* WORK INSTRUCTION *
After locating the line with "Granatowa maxi spódnica" in the entries below, set down exactly that line and each one after it to the end, skipping pictures.

* DATA PROVIDED *
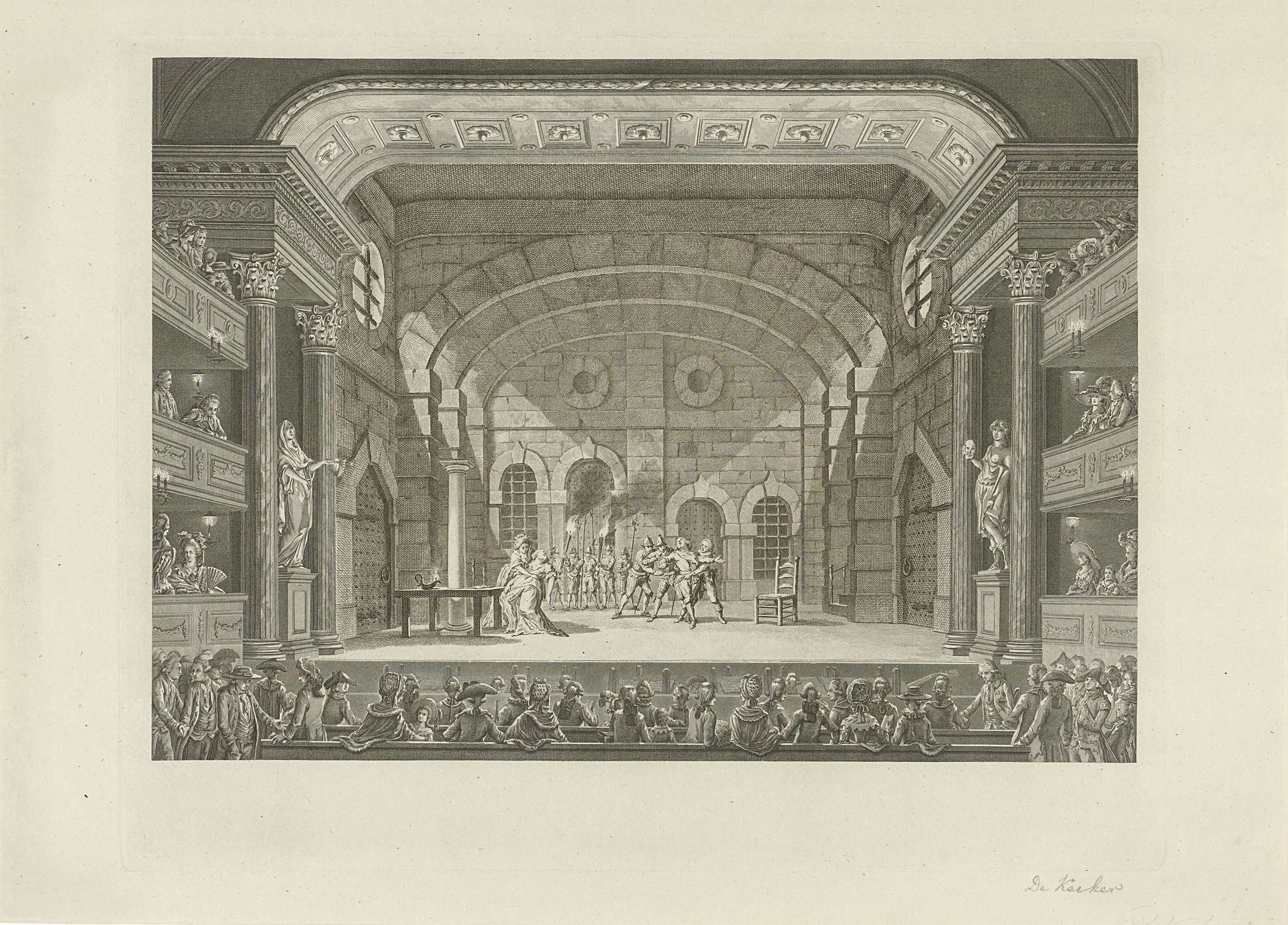 Toneelvoorstelling in de nieuwe Amsterdamse Schouwburg met het coulissendecor De Kerker, met scène uit Gabriëla van Vergij. Het decor gedrukt van een aparte plaat binnen een vernieuwde passe-partout met de zaal, zijloges, pilaren met standbeelden en de façade van het toneel. Onderdeel van de serie van veertien toneeldecors van de nieuwe Amsterdamse Schouwburg, 1787-1794.
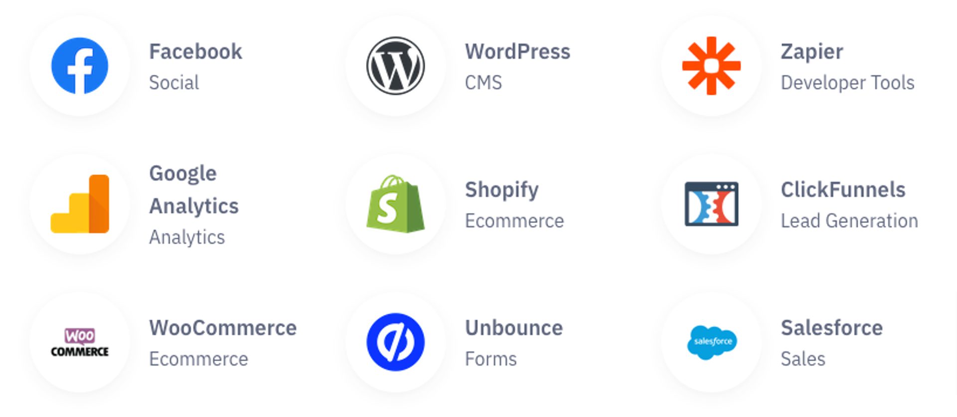 | Conectores de datos y herramientas de integración | Integraciones modulares de diferentes aplicaciones y datos. AmplÃa las funcionalidades de las aplicaciones. | ActiveCampaign |
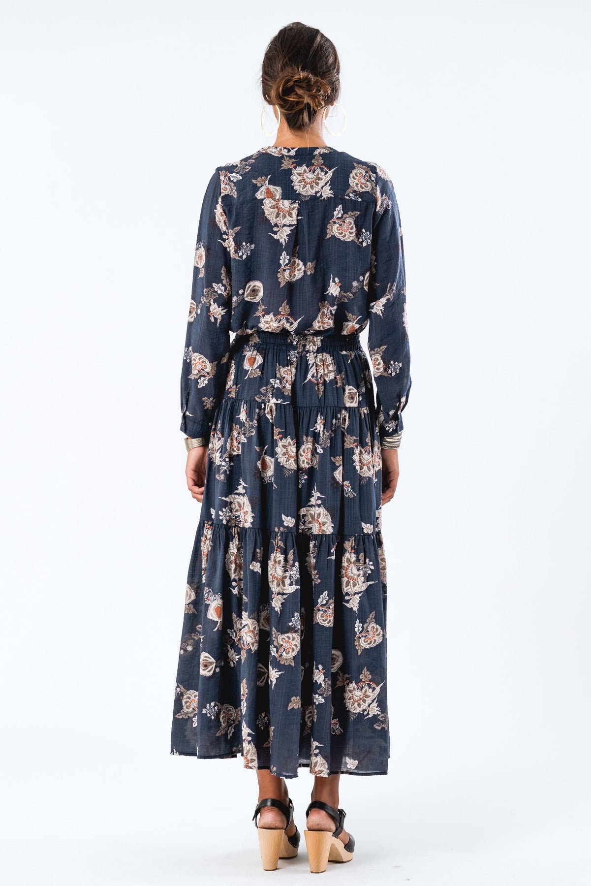 Granatowa maxi spódnica od Lollys Laundry z kwiatowym wzorem. Warstwowa spódnica ma falbany i volany, które nadają ruchu materiałowi.
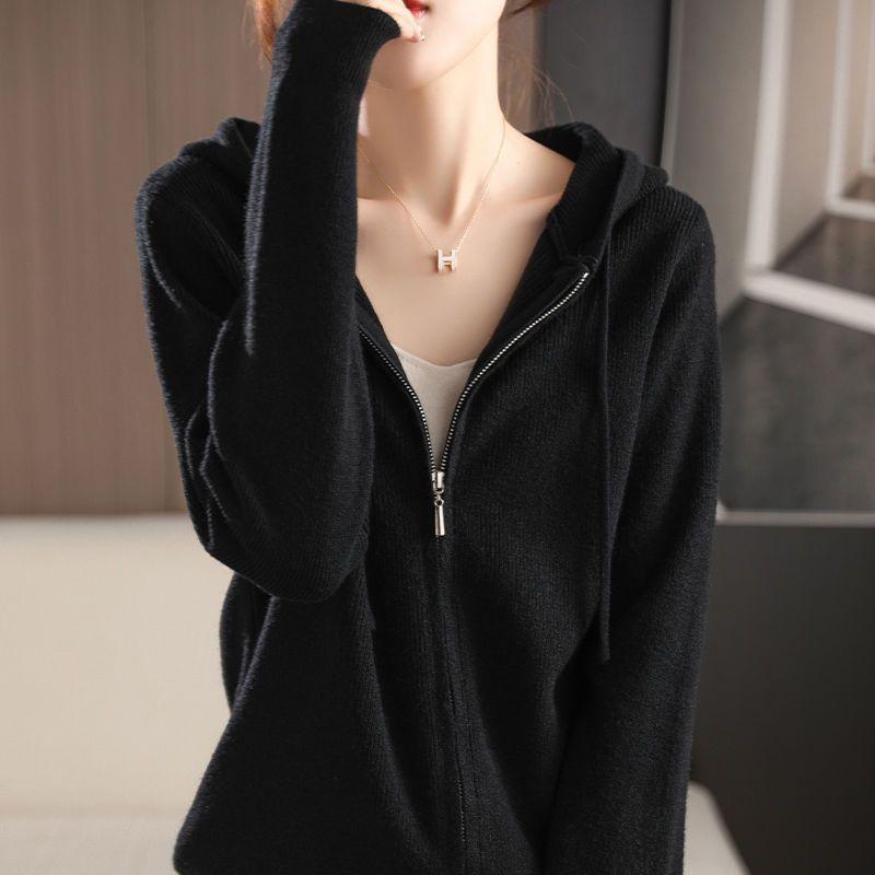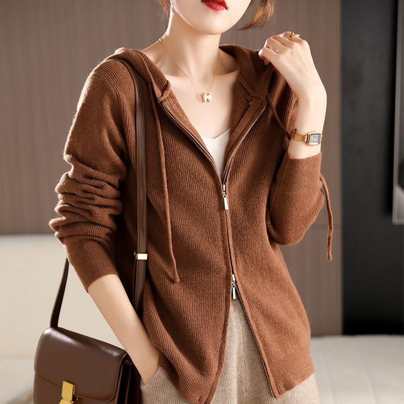 Вязаный кардиган с капюшоном, женский осенне-зимний свободный однотонный свитер с двойной молнией, корейский однотонный топ с длинными рукавами, кардиган, свитер
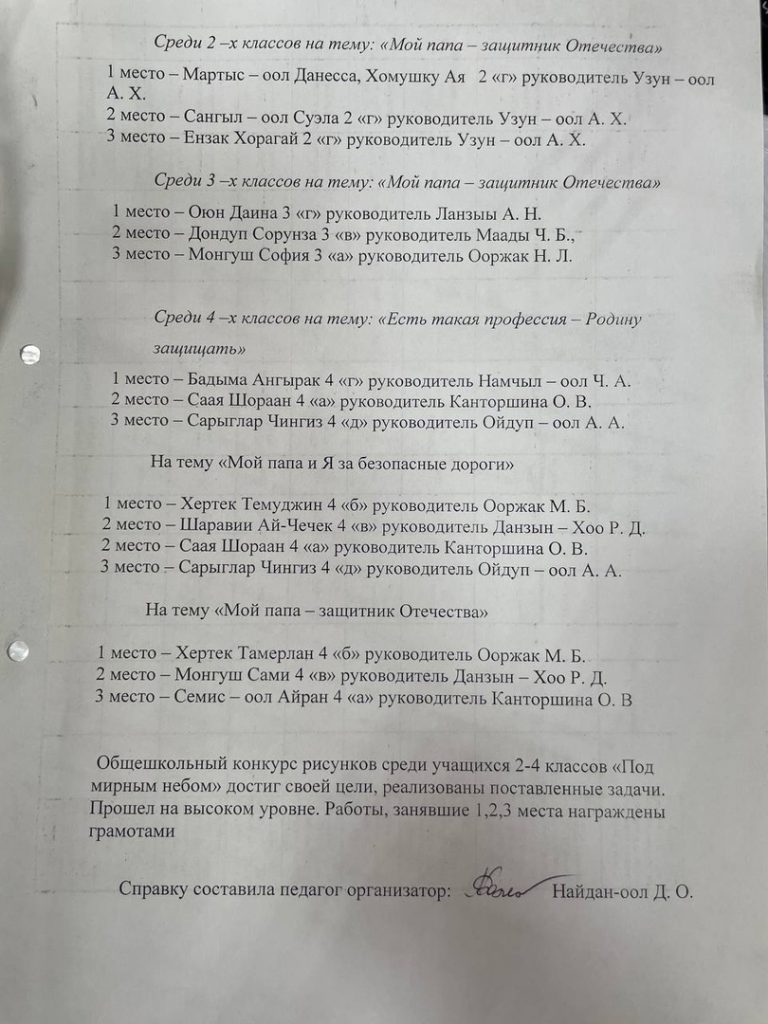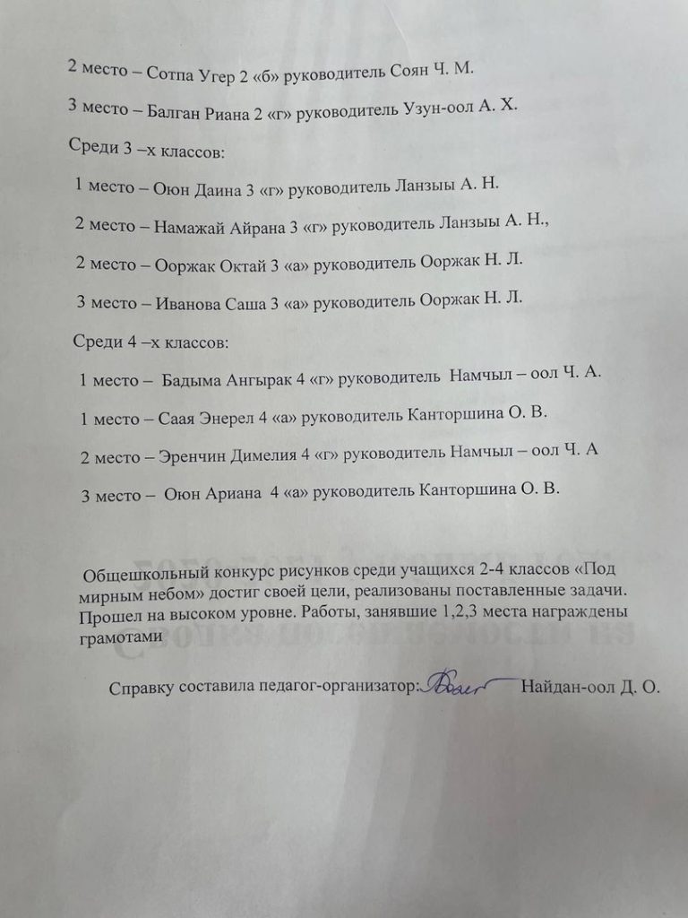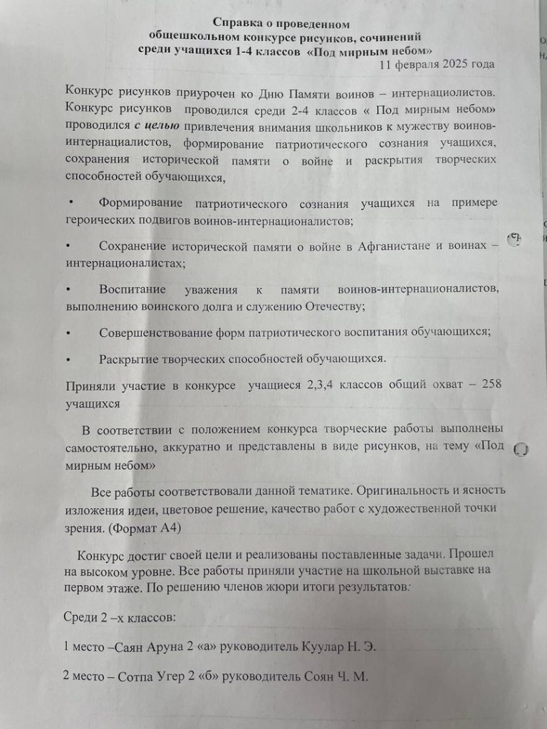 Справка о проведенном общешкольном конкурсе рисунков, сочинений среди учащихся 1-4 классов «Под мирным небом»

* EXERCISE RESULT *
 Granatowa maxi spódnica od Lollys Laundry z kwiatowym wzorem. Warstwowa spódnica ma falbany i volany, które nadają ruchu materiałowi.
 Вязаный кардиган с капюшоном, женский осенне-зимний свободный однотонный свитер с двойной молнией, корейский однотонный топ с длинными рукавами, кардиган, свитер
 Справка о проведенном общешкольном конкурсе рисунков, сочинений среди учащихся 1-4 классов «Под мирным небом»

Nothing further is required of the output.